Nope, their attacks on the civil justice system focus on cases brought by injured consumers. And some–like the magic pants guy–are grounded in half truths. In the assinine case of the judge who sued the drycleaner for his lost pants–the magic pants guy–anyone who follows the whole story learns that the system works just fine. But that won’t stop the Chamber from parading it as a horrible or the American Tort Reform Association’s ridicule.
So one thing that this deafening silence suggests is that the Chamber and the American Tort Reformers only complain about lawsuits brought by individuals. Another is that their complaints–too much money awarded in civil lawsuits–are really not complaints about the amount of money so much as they are about who gets the money.
I’ve got nothing in the Adidas case. They have a right to enforce the value that they’ve poured into their brands. But let’s be fair. When the Chamber wants the rest of the world to believe that its war on the civil justice system is honest and open, it will call foul when a corporation gets the outsized verdict. Anything else just smells really, really bad.
David Sugerman
Melvin Weiss sentenced to jail
Monday, June 2nd, 2008The story is coming out that Melvin Weiss, former class action securities lawyer, was sentenced to 30 months and fined $10 million under a plea deal with the U.S. Department of Justice. The Milberg Weiss law firm has been a national presence for years, handling some of the largest securities class actions in U.S. history.
I would be a hypocrite if I failed to write about this and say the obvious. As I’ve noted before, getting rid of the cheaters is critical to a healthy civil justice system. That’s true regardless of which side the cheater operates from. Melvin Weiss did a grave disservice to consumers and investors. I have my doubts that 30 months + $10 million is sufficient, if you think about the harm inflicted. Even so, it’s done.

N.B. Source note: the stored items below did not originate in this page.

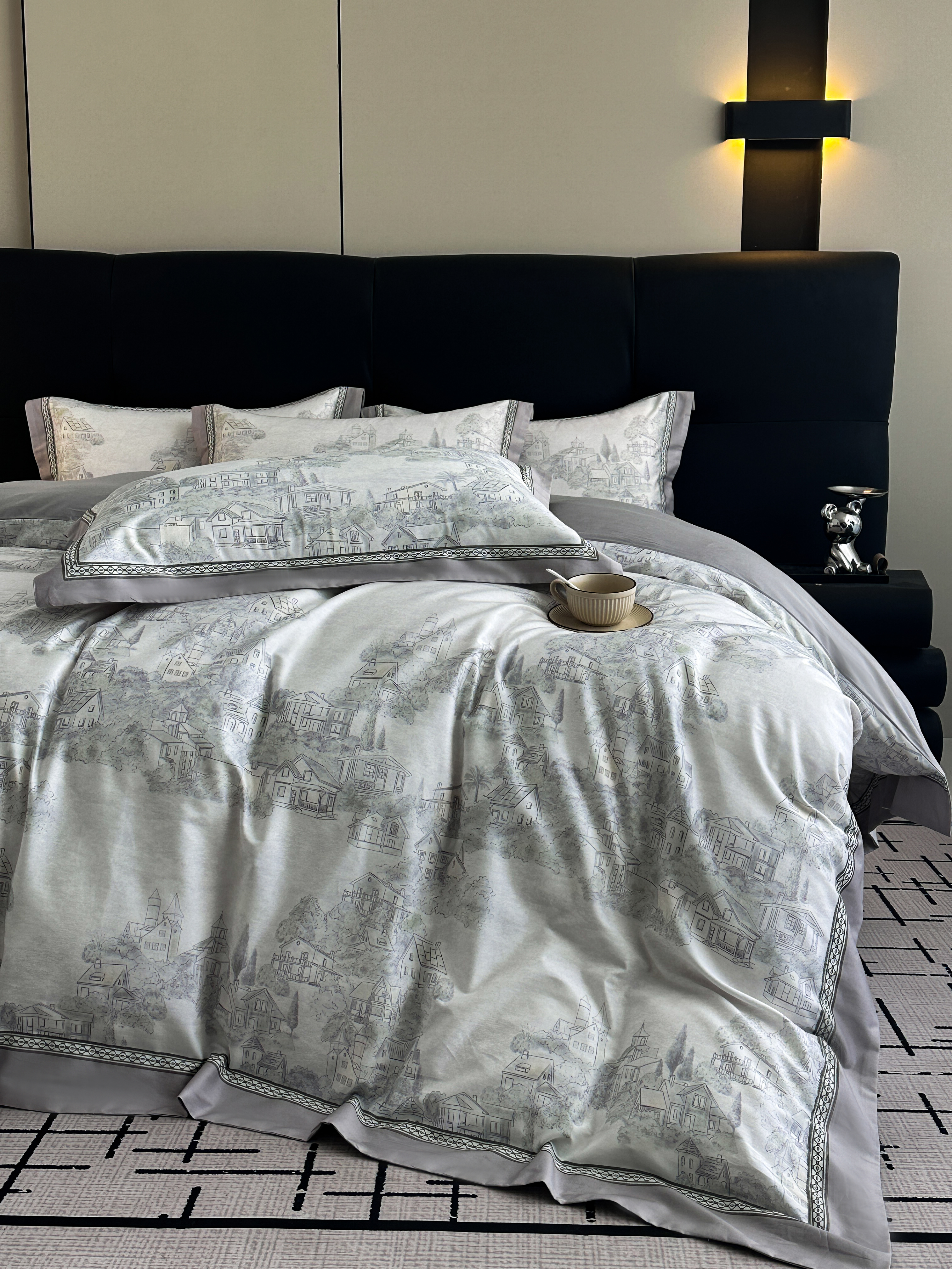 商品名称:顾家家居 2025新款长绒棉数码印花隐形宽边四件套 水墨人生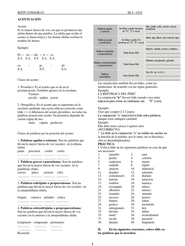 Las maysculas tambin llevan tildes, como las minsculas, de acuerdo con las reglas generales. Ejemplo: LA REPBLICA DEL PER La conjuncin o llevar tilde cuando vaya entre nmeros para evitar su confusin con 0 (cero). Ejemplo: Creo que compr 2 3 panes. La conjuncin o nunca lleva tilde entre palabras, aunque estas indiquen cantidad. Ejemplo Ella debe tener catorce quince aos (INCORRECTO) * La tilde en la conjuncin o no seala un cambio en la funcin de la palabra, por lo tanto, no es diacrtica, slo es desambigizadora. PRCTICA I. Coloca tilde en las siguientes palabras en caso de que sea necesario: 1. amarillo 2. ruin 3. perdiz 4. colofon 5. explosion 6. martir 7. cuspide 8. rigido 9. amaron 10. industrial 11. dejadez 12. entonalo 13. comentaselo 14. diafano 15. instruir 16. intuicion 17. temblor 18. hamaca 19. rectangulo 20. mitico 21. albornoz 22. musico 23. tiramelo 24. animalo 25. escoces 26. porton 27. llanten 28. rehen 29. portico 30. enchufalo 31. entregamelo 32. hoy 33. decimo 34. ufano 35. inutil 36. recuerdamelo 37. tocalo 38. pasaselo 39. dirijalo 40. limpiatelo II. En las siguientes oraciones, coloca tilde en las palabras que la necesiten.
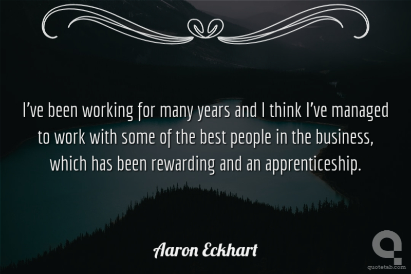 I've been working for many years and I think I've managed to work with some of the best people in the business, which has been rewarding and an apprenticeship.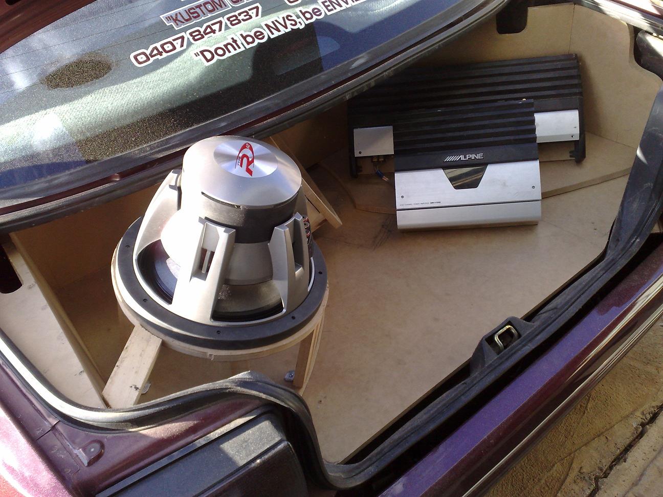 Source: Pioneer P4050UB http://www.pioneer.com.au/en/Products/A ... 050UB.aspx Equalizer/Crossover: Behringer DCX2496 http://www.behringer.de/EN/Products/DCX2496.aspx Front Stage: Focal Polyglass 165 V1 http://www.focalaustralia.com.au/polyglass.html Front Stage Amp: Audio System F2-500 http://english.gttrading.it/easysite/sc ... 3E500&pg=1 Subs: 2 x Image Dynamics IDQV3 4+4ohm http://www.imagedynamicsusa.com/product ... duct_Id=18 Sub Amp: Audio System F2-500 http://english.gttrading.it/easysite/sc ... 3E500&pg=1 Battery: Bosh Gold 2nd Battery: Optima Yellow Top D34 http://www.optimabatteries.com.au/Produ ... owTop.aspx Sound Deadening: Dynamat Extreme, Sika Boom, Flashtac i started with the Dynamat and put one bulk pack in the front doors one in the boot and another in the rear doors and around the car, the parcel shelf has had Flashtac applied to stop some rattles also. The subs were loaded off the boot but it was flexing the sides and the spare tyre well too much and outside it sounded crap, so i turned the box around and fire into the cabin. I found that if subs pointed at the seat the bass was less boomy and didn't rattle the bumper anymore. The audio system amps are rated at 1250 WRMS but because i run my subs at 4ohm the only see 800wrms. The crossover frequency is 100hz on a 48db/oct. Front splits see 250WRMS per side and this drives them well beyond there limits without clipping. The 2nd optima battery is charged off the alternator with a 180 amp charge regulator and 2 x 4ga from the alternator. All the wiring in the engine bay has been beefed up and a 6 point 4ga ground kit has been hooked up. block grounds are 0ga and the wiring coming from the optima to the power and ground distros are 0ga with a 0ga earth to the chassis. wiring to the subs is 8ga and the wiring between the boot mounted crossovers and the front mids and tweeters is 12ga. all up i have used 30+ meters of 12ga, 4m of 8ga, 15m of 4ga and 5m of 0ga (thats a bit of copper). distro blocks and fuse holders are stinger and stinger pro. Subs are in a double skinned and reinforced box made out of 18mm MDF, the box is sealed and the size is about 70L. false floor is made out of 18mm MDF and the sides are 16mm. Front doors needed a bit of a trip to fit the 6.5" mids and the tweeters are mounted on the sail panels Trigger. ![]() ![]()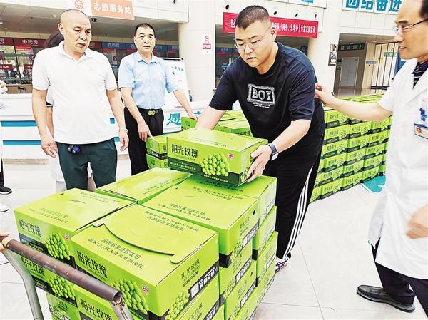9月7日下午,来自黄泛区农场的时先生(右二)将270箱自家农场种植的葡萄捐赠给周口港区医院,与医护人员一起分享双重喜悦:自家果园的丰收和他个人的身体康复。

I imagine that there will be quite the feeeding frenzy on the corruption at the Milberg Weiss firm in the blogosphere, at the Chamber of Commerce, from the tort reform advocates, and over at FOX news. But let’s remember that the corruption that nurtured Milberg Weiss operated heavily on the investment firms, as well. If that’s not readily apparent, here’s a quick list for the consideration: Bear Stearns, mortgage lending, Enron.
All of that is beside the point. As one who handles class actions, I’m strongly in favor of getting rid of the corrupt. Good news in the end.
David Sugerman
Good Summary of Looming Battle on Mandatory Arbitration
Thursday, April 3rd, 2008As Congress considers changing rules on mandatory arbitration clauses, here’s an account of how Chamber of Commerce is gearing up to protect business interests. The point that is missing from all this is in the fine print.

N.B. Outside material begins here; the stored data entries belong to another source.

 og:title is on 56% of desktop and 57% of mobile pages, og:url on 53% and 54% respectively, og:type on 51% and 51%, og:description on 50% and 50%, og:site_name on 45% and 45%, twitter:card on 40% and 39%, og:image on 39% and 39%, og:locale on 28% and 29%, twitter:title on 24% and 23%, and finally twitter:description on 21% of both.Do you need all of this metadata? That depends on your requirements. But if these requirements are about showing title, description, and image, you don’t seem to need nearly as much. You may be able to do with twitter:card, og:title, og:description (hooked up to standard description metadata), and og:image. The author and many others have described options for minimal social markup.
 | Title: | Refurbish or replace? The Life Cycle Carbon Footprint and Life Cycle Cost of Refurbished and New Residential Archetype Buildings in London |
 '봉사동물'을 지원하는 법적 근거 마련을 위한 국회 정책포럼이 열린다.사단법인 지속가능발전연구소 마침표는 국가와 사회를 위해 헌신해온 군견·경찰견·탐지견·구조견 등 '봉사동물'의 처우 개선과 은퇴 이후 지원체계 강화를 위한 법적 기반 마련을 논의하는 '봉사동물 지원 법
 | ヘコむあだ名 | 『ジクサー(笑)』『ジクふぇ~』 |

Those of us who oppose mandatory arbitration generally do so because of the provisions that you don’t see because they are obscured, much like the dangerous part of the iceberg that lies below the water line.
An agreement to arbitrate by itself isn’t so much of a problem, so long as the parties truly agree. But when the agreement to arbitrate includes common features that strip one party of their rights, it isn’t an agreement that we should tolerate.

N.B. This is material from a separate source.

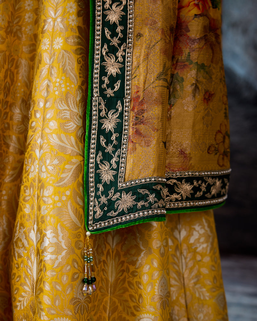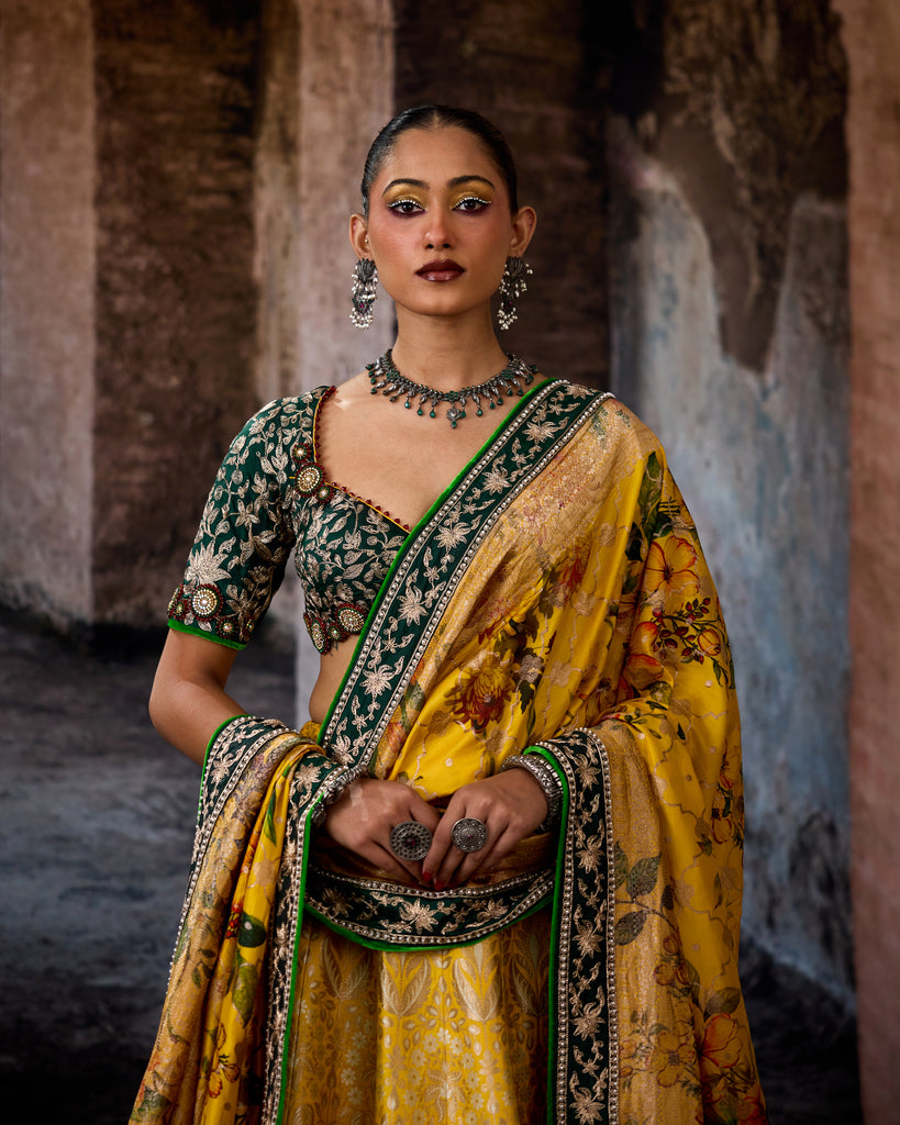 A Banarasi handwoven Silk Brocade lehenga set.

What sorts of rights get stripped? Well, in consumer cases the right to recover attorney fees if you prevail. Or the ability to pursue a small claim through a class action, which is the only way anyone can do a small claim. Or the right to a truly neutral third party decision-maker. And affordable arbitration, without expenses and fees that make it impossible to pursue a claim.
It’s easy to see a sound compromise. If the Chamber truly wants mandatory arbitration, it will agree that all the nasty iceberg provisions should be outlawed. As an Oregon trial lawyer, I don’t oppose trying cases in arbitration, so long as that’s what a consumer truly agreed to and–this part is important–so long as consumers rights aren’t stripped away.